Благоразумнее всего было бы удалиться, но такого рода решение приводило Жюльена в ужас. «Если здесь кто-нибудь чужой, я удеру со всех ног, бросив свою лестницу; если же здесь она, то какая встреча ожидает меня? Я знаю, что она впала в раскаяние и в самую крайнюю набожность; но все же она не совсем забыла меня, если только недавно писала мне». Этот довод заставил его решиться.

С трепещущим сердцем, но твердо решив погибнуть или увидеть ее, он стал бросать о ставень маленькие камушки — никакого ответа. Он приставил лестницу к окну и стал сам стучать о ставень, сначала тихонько, потом сильнее. «Как ни темно, а в меня все-таки могут выстрелить», — подумал Жюльен, и мысль эта свела безумное предприятие к вопросу храбрости.

«Или в этой комнате сегодня никого нет, — подумал он, — или же особа, спавшая в ней теперь, разбужена. Значит с нею церемониться больше нечего; надо только постараться, чтобы меня не услышали в других комнатах».

Он слез, приставил лестницу к одной из половинок ставня, вновь поднялся и, просунув руку в сердцевидное отверстие, довольно скоро удачно нашел проволоку, прикрепленную к крючку, запиравшему ставень. Он потянул за нее и с невыразимой радостью почувствовал, что ставень уже не заперт и уступает под его напором. «Надо открыть его потихоньку и дать распознать мой голос». Он приоткрыл ставень настолько, чтобы просунуть голову, повторяя шепотом: «Это друг».

Он прислушался и убедился, что ничто не нарушало глубокого безмолвия комнаты. Но действительно в ней не оказалось даже полупотухшего ночника; это не предвещало ничего хорошего.

Берегись выстрела! Он немного подумал, потом отважился постучать пальцем в стекло — ответа нет; он постучал сильнее. «Надо с этим покончить, хотя бы пришлось разбить стекло». Когда он очень сильно стучал, ему показалось, что какая-то белая тень пересекла комнату в темноте. Наконец, уже вне всяких сомнений, он увидел чрезвычайно медленно приближавшуюся тень; потом вдруг щека прислонилась к стеклу, в которое он смотрел.

Он вздрогнул и слегка отстранился.
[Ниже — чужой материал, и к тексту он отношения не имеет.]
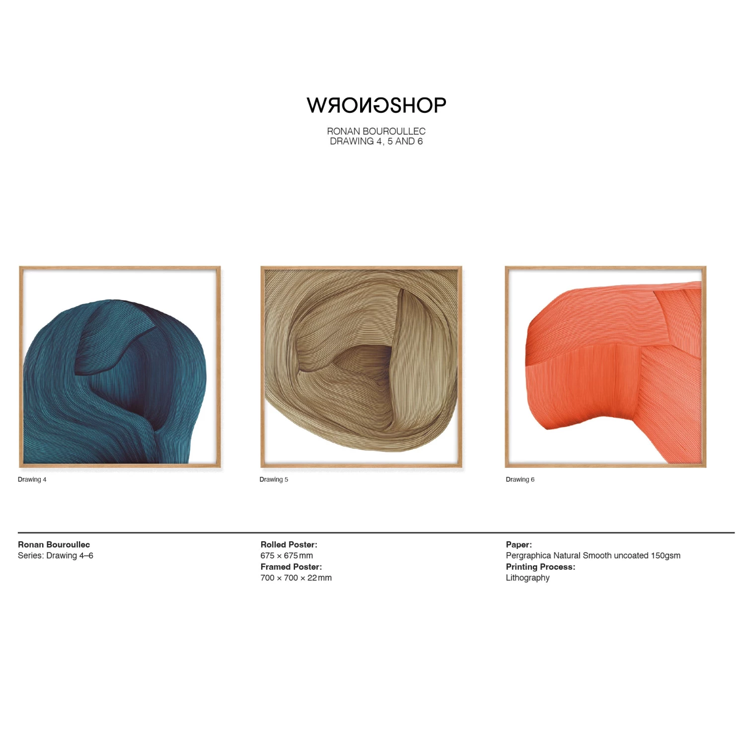 Ronan Bouroullec’s fluid, abstract motifs and visible brush strokes shape this exceptional poster series. Display individually, or hang Drawings 4, 5 & 6 as an captivating set.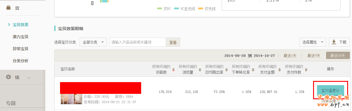 2、進入生意參謀,查看貨——寶貝效果——寶貝效果明細——寶貝溫度計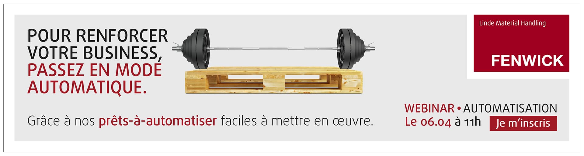 Notre client Fenwick - principal fournisseur de chariots élévateurs sur le marché français - nous a demandé de concevoir une campagne "bannering" sur le thème de l'automatisation. Diffusée sur ses supports propriétaires, cette campagne a pour mission d'interpeller les clients de Fenwick et de les inciter à en savoir plus sur les solutions d'intralogistique et d'automatisation.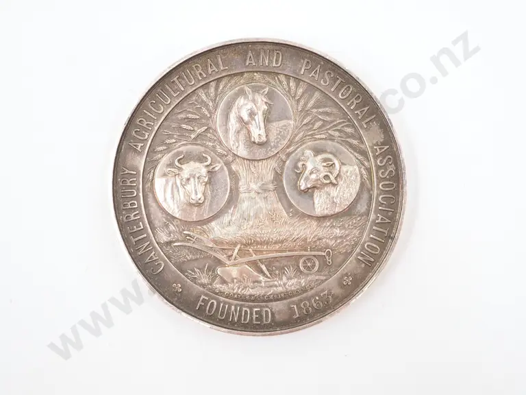 Large Sterling Silver A&P Medal by G Coates & Co Christchurch: Awarded to G L Pearson for Harrows, 1926 Estimate: $200 - $300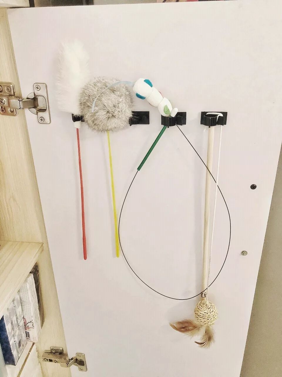逗猫棒之类的,我用电线收纳扣收纳在柜门后。
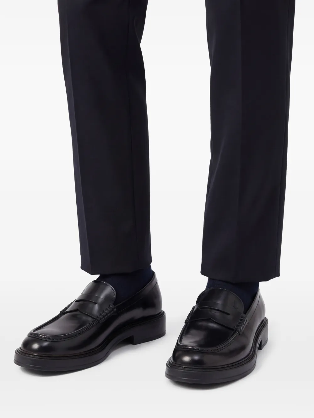 Черный, телячья кожа, тисненый логотип спереди, прорези на язычке, миндалевидный носок и низкий блочный каблук.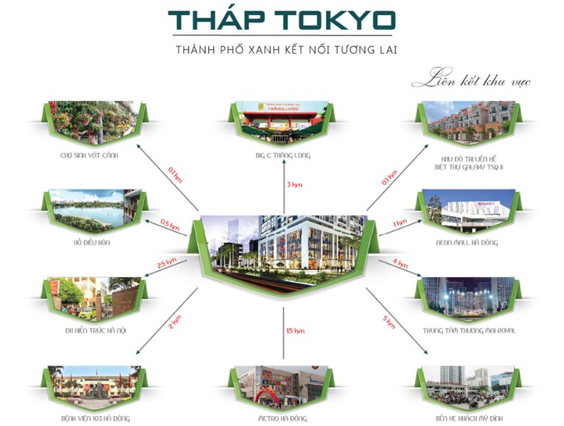 Tokyo Tower nằm gần nhiều trường học, siêu thị nhưĐại học Khoa học Xã hội và Nhân văn, Đại học Hà Nội, Đại học Kiến Trúc, Học viện Bưu chính Viễn thông, Học viện An Ninh,Media mart,SapoMart, Trần Anh, siêu thị điện máy Sài Gòn Nguyễn Kim, siêu thị Co.opmart...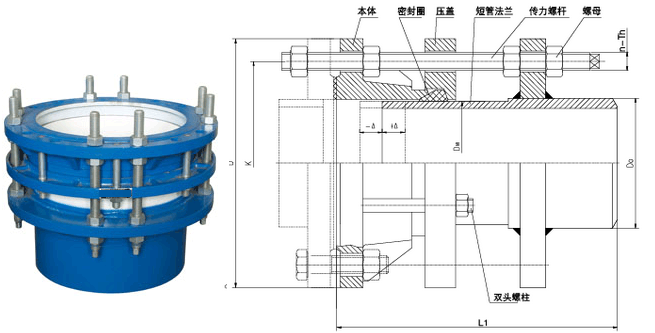 松套传力接头是在法兰松套补偿接头的基础上増设法兰短管及传力螺杆而成,此类型的补偿接头与松套补偿接头和松套限位补偿接头不同的是它的补偿量是指在安装及拆卸过程中的调节量,一旦将所有的螺母拧紧,它是刚性连接的,可以传递轴心力,从而保护阀门、泵等设备。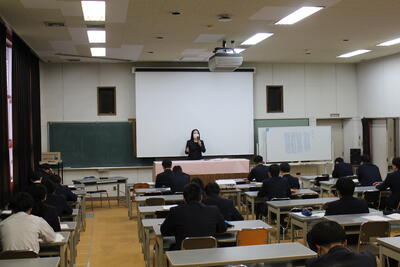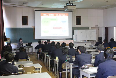 令和5年12月7日(木)、1年生を対象に年金セミナーを行いました。日本年金機構の方を講師に迎え、年金の仕組みなどについて学びました。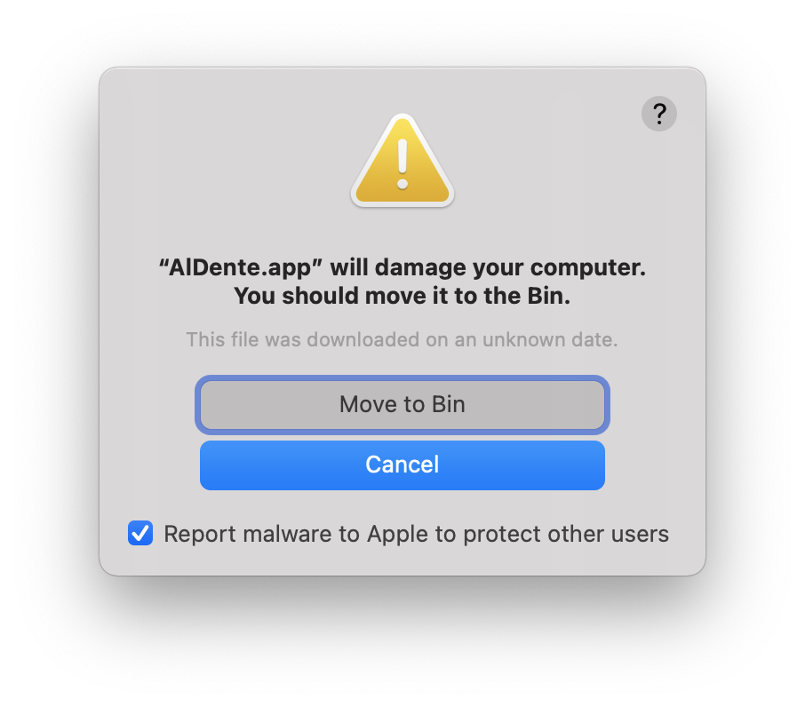 macOS now reports AlDente as malware and prompts me to move the application to the bin, but I think this is a false positive based on the source code here.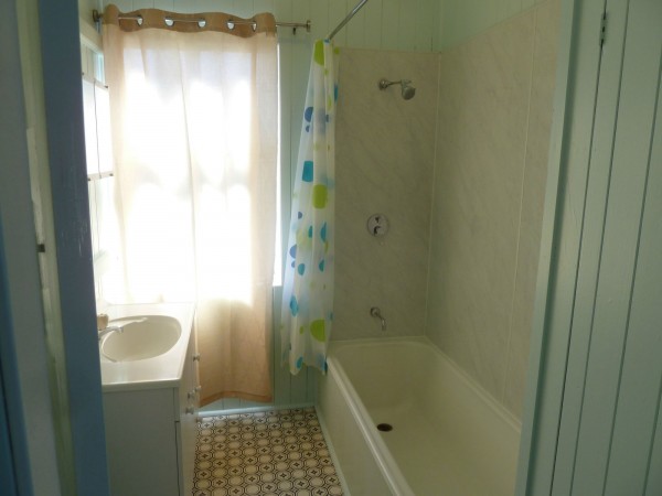 -  Bathroom comes with shower over bath, separate vanity and retro lino flooring from a bye gone era

Но так темна была ночь, что даже на этом расстоянии он не мог различить, была ли это госпожа де Реналь. Он боялся первого крика смятения; слышно было, как собаки ворчали и бродили у подножия лестницы. «Это я, друг ваш», — повторял он довольно громко. Ответа не было; белое привидение исчезло. «Бога ради, откройте, мне надо поговорить с вами, я слишком несчастен!» — и он так стучал, как будто хотел разбить стекло.

Послышался сухой короткий звук, оконная задвижка подалась, он толкнул окно и легко прыгнул в комнату.

Белая тень удалялась; он схватил ее за руки; это оказалась женщина. Все его мысли о мужестве разлетелись в прах. «Если только это она, то что скажет мне?» Что с ним сделалось, когда по легкому вскрику он узнал госпожу де Реналь!

Он сжал ее в своих объятиях; она дрожала и напрягала силы, чтобы оттолкнуть его.

— Несчастный! Что вы делаете?

Ее сдавленный голос с трудом произнес эти слова. Жюльену послышалось в них самое искреннее негодование.

— После четырнадцати месяцев жестокой разлуки я пришел, чтобы видеть вас.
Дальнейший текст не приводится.